The expression di.next() by itself yields a dyn Future. This type is not sized and so it won’t compile on its own. Adding .box produces a Box<dyn AsyncIterator>, which you can then await.³

Compared to the Boxing adapter I discussed before, this is relatively straightforward to explain. I’m not entirely sure which is more convenient to use in practice: it depends how many dyn values you create and how many methods you call on them. Certainly you can work around the problem of having to write .box at each call-site via wrapper types or helper methods that do it for you.

Complication: `dyn AsyncIterator` does not implement `AsyncIterator`

There is one complication. Today in Rust, every dyn Trait type also implements Trait. But can dyn AsyncIterator implement AsyncIterator? In fact, it cannot! The problem is that the AsyncIterator trait defines next as returning impl Future<..>, which is actually shorthand for impl Future<..> + Sized, but we said that next would return dyn Future<..>, which is ?Sized. So the dyn AsyncIterator type doesn’t meet the bounds the trait requires. Hmm.

But…does `dyn AsyncIterator` have to implement `AsyncIterator`?

There is no “hard and fixed” reason that dyn Trait types have to implement Trait, and there are a few good reasons not to do it. The alternative to dyn safety is a design like this: you can always create a dyn Trait value for any Trait, but you may not be able to use all of its members. For example, given a dyn Iterator, you could call next, but you couldn’t call generic methods like map. In fact, we’ve kind of got this design in practice, thanks to the where Self: Sized hack that lets us exclude methods from being used on dyn values.

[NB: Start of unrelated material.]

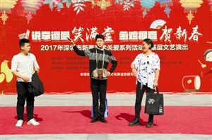 2017年“新春藝術關愛系列活動”是深圳一項重要的品牌文化活動,也是每年深圳市關愛活動重點項目之一,已成功連續(xù)舉辦九屆。今年延續(xù)以“我們的中國夢”文化進萬家為主題,活動跨度一個多月,包含展覽、文藝演出、書法家送春聯(lián)等多種文藝活動共計45項,本次“說學逗唱笑滿堂、金雞報喜賀新春”走基層文藝演出便是其中一場,他極大地豐富了來深建設者的業(yè)余文化生活。

Why did we adopt object safety in the first place? If you look back at RFC 255, the primary motivation for this rule was ergonomics: clearer rules and better error messages. Although I argued for RFC 255 at the time, I don’t think these motivations have aged so well. Right now, for example, if you have a trait with a generic method, you get an error when you try to create a dyn Trait value, telling you that you cannot create a dyn Trait from a trait with a generic method. But it may well be clearer to get an error at the point where you to call that generic method telling you that you cannot call generic methods through dyn Trait.

Another motivation for having dyn Trait implement Trait was that one could write a generic function with T: Trait and have it work equally well for object types. That capability is useful, but because you have to write T: ?Sized to take advantage of it, it only really works if you plan carefully. In practice what I’ve found works much better is to implement Trait to &dyn Trait.

What would it mean to remove the rule that `dyn AsyncIterator: AsyncIterator`?

I think the new system would be something like this…

You can always⁴ create a dyn Foo value. The dyn Foo type would define inherent methods based on the trait Foo that use dynamic dispatch, but with some changes:
- Async functions and other methods defined with -> impl Trait return -> dyn Trait instead.
- Generic methods, methods referencing Self, and other such cases are excluded. These cannot be handled with virtual dispatch.
If Foo is object safe using today’s rules, dyn Foo: Foo holds. Otherwise, it does not.⁵
- On a related but orthogonal note, I would like to make a dyn keyword required to declare dyn safety.

Implications of removing that rule

This implies that dyn AsyncIterator (or any trait with async functions/RPITIT⁶) will not implement AsyncIterator. So if I write this function…

fn use_any<I>(x: &mut I)
where
    I: ?Sized + AsyncIterator,
{
    x.next().await
}

…I cannot use it with I = dyn AsyncIterator. You can see why: it calls next and assumes the result is Sized (as promised by the trait), so it doesn’t add any kind of .box directive (and it shouldn’t have to).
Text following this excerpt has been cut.